4.1 A Critical Analysis of Objective Metrics
Limitations of Similarity-Based Metrics : High scores on similarity-based metrics do not guarantee high-quality or musically meaningful compositions. Similarity with target distribution simply means generated scores show similar characteristics as the reference set, but no way quantifies if the piece itself is a good sounding piece or a distuned boring sounding piece. Unless it is a controlled generation, syntactical similarity metrics like BLEU, Average Sample-wise Accuracy and Chord Matchness can easily seem useless for the same reason. Only assessing the similarity with the reference leads to an incomplete evaluation and should be accompanied with reference free music quality evaluation.
Lack of Interpretation : Yuan et al. (2025) showed that many widely used objective metrics, such as CLAP-score, FAD, and KLD, often align poorly with human preferences, which makes the conclusions of prior studies that rely on these measures questionable. A core issue is that these metrics lack clear interpretability. For example, metrics like OA and KLD score are considered as the higher the better, but have no meaningful threshold or guidance for balancing similarity and originality. Similarly, Chord Progression Irregularity Wu et al. (2023a) measures the percentage of unique chord trigrams, where lower values suggest greater stability yet extremely low values can be interpreted as a boring sequence as well. While these scores can rank models and indicate feature quality, better scoring outputs may not correspond to better sounding to listeners. Overall, objective metrics alone can’t reliably evaluate musical quality and risk misrepresenting what truly sounds good without human evaluation.
Lack of Cross-cultural Consideration : A significant limitation in music generation evaluation arises from cross-cultural biases in datasets, benchmarks, and evaluation methods. Mehta et al. (2025) quantified the severe Western-centric bias in 152 musical dataset proposing papers, finding only 5.7% of music comes from non-Western genres, including South Asian, Middle Eastern, Oceanian, Central Asian, Latin American and African music combined. Models trained on these datasets struggle to generate low-resource genres, while evaluation metrics tailored to Western styles may fail to assess diverse musical characteristics and lack suitable training data. For example, FAD’s reliance on the choice of reference set and audio embeddings raises concerns that it may favor only well-resourced genres. Another example can be, in Pitch Histogram Entropy, a high entropy suggests unstable tonality and pitch classes are more scattered which may favor straightforward genres like pop but is ill-suited for evaluating microtonal, polyrhythmic or improvisational music from low resource traditions. Similarly, corpus-based evaluations favor well-documented styles while overlooking culturally unique ones. Wilson et al. (2025) further highlighted limited transparency, with few models disclosing training data or generation methods, hindering efforts to address these biases.
Lack of Standardization : While feature-specific metrics can be useful for analyzing individual systems, they often fail to generalize, with many researchers adapting their own evaluation criteria. The resulting overwhelming number of specialized metrics make it difficult to determine which are truly effective, hindering clear assessment and comparison of different generative models’ strengths and weaknesses.

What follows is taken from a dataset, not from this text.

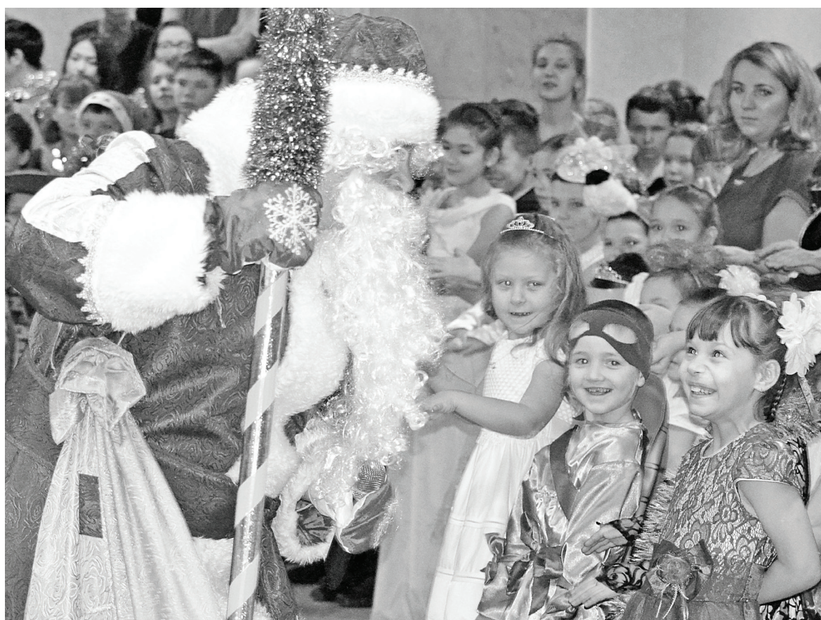
Весёлые игры с добрым волшебником Дедом Морозом — что может быть чудеснее под Новый год?

Глава района поздравил всех с успешным завершением всех планов 2015 года, пожелал ещё лучших результатов в наступающем 2016-м и вручил награды победителям районного конкурса на лучшее праздничное оформление «Новогоднее настроение».

Limitations of Music Quality/Aesthetic Predictors : For efficiency and growing need of large-scale evaluation, recent works are shifting towards automatic music quality evaluation using aesthetic predictors like Audiobox Aesthetics Tjandra et al. (2025). Unfortunately, Zhang et al. (2025) highlighted that human preference datasets often misalign with these independently trained aesthetic predictors. This indicates that human preference is not a single, consistent concept as human perception of creativity is subjective and shaped by geography, history, and culture Lubart (1999). Different evaluation methods, even if both are based on human feedback, can lead to contradictory conclusions about music quality, raising concerns about their reliability and generalizability. Zhang et al. (2025) further showed aesthetic predictors favor certain content, with tracks featuring "punchy kick" or "synth".
Limitations of Human Preference Datasets: Human preference datasets can introduce bias as they are constructed with generative audios from current TTM models which often fail with low-resource genres as well. Furthermore most of the human preference datasets rely solely on overall impression Huang et al. (2025); Liu et al. (2025a) or preference Bai et al. (2025) which is insufficient for modeling human perception of musical creativity. We have to further break down the judgment of creativity into several equal dimensions and employ experts to rate audios across these dimensions. A simple example of why this works is, despite individual taste differences, expert food critics evaluate dishes across equally important dimensions like flavor, texture, presentation, originality, execution, and overall impression. Among the human preference datasets, SongEval Yao et al. (2025) broke music quality evaluation into multiple dimensions, but further analysis with music experts is needed to ensure the dimensions are enough to cover all the aspects of quality evaluation.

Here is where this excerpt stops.